Brautigan got a call from Dan Gerber, in Tokyo with his Zen master, Kobun Chino Otogawa Roshi, and Bob Watkins, a friend from Montana. They planned on spending a few days in town before heading on for a longer stay in Kyoto. Dan had been studying Buddhism and sitting zazen for about four years, since the depression he felt following the death of his father in 1973. Kobun, Dan's teacher, was born in 1938 and raised in Jokoji, the Soto Zen temple in Kamo, Japan, where his father had been chief priest. He came to America in 1967, invited by Suzuki Roshi to help establish the Tassajara monastery in Carmel Valley.
Kobun read
Trout Fishing in America
not long after its initial publication by the Four Seasons Foundation. Much later, Gerber gave him a copy of Kazuko Fujimoto's translation, and he “was amazed how different it seemed to him in Japanese than it did in English.” Dan remembered his master “sort of laughing” at “what a different book it was in Japanese.”

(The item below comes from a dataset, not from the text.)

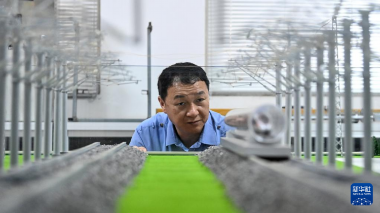 彭春林在彭春林创新工作室通过观察沙盘思考研发项目的运用(4月25日摄)。
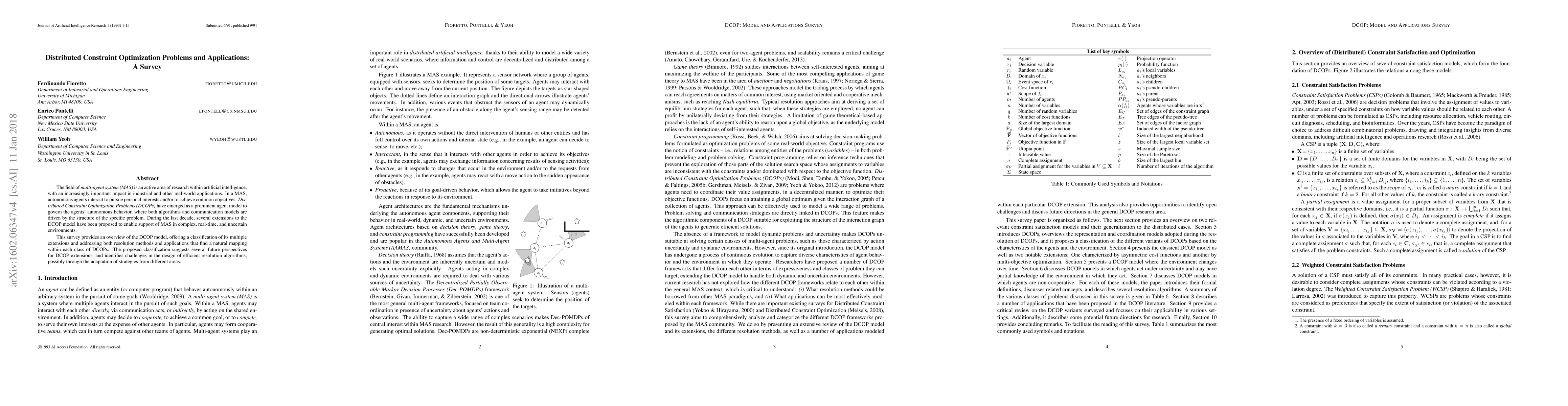 The field of Multi-Agent System (MAS) is an active area of research within Artificial Intelligence, with an increasingly important impact in industrial and other real-world applications. Within a MAS, autonomous agents interact to pursue personal interests and/or to achieve common objectives. Distributed Constraint Optimization Problems (DCOPs) have emerged as one of the prominent agent architectures to govern the agents' autonomous behavior, where both algorithms and communication models are driven by the structure of the specific problem. During the last decade, several extensions to the DCOP model have enabled them to support MAS in complex, real-time, and uncertain environments. This survey aims at providing an overview of the DCOP model, giving a classification of its multiple extensions and addressing both resolution methods and applications that find a natural mapping within each class of DCOPs. The proposed classification suggests several future perspectives for DCOP extensions, and identifies challenges in the design of efficient resolution algorithms, possibly through the adaptation of strategies from different areas.

Brautigan met them for lunch at their hotel. Afterward they walked about the city. Richard told Dan “how fascinated he was by the design of everything in Japan.” Gerber thought this was because Brautigan couldn't read Japanese. “Everything was pure design.” Dan admired Richard's quality, “ideal for any artist,” of being “a stranger in the place that you live. Richard had a wonderful ability to look at things like a child.”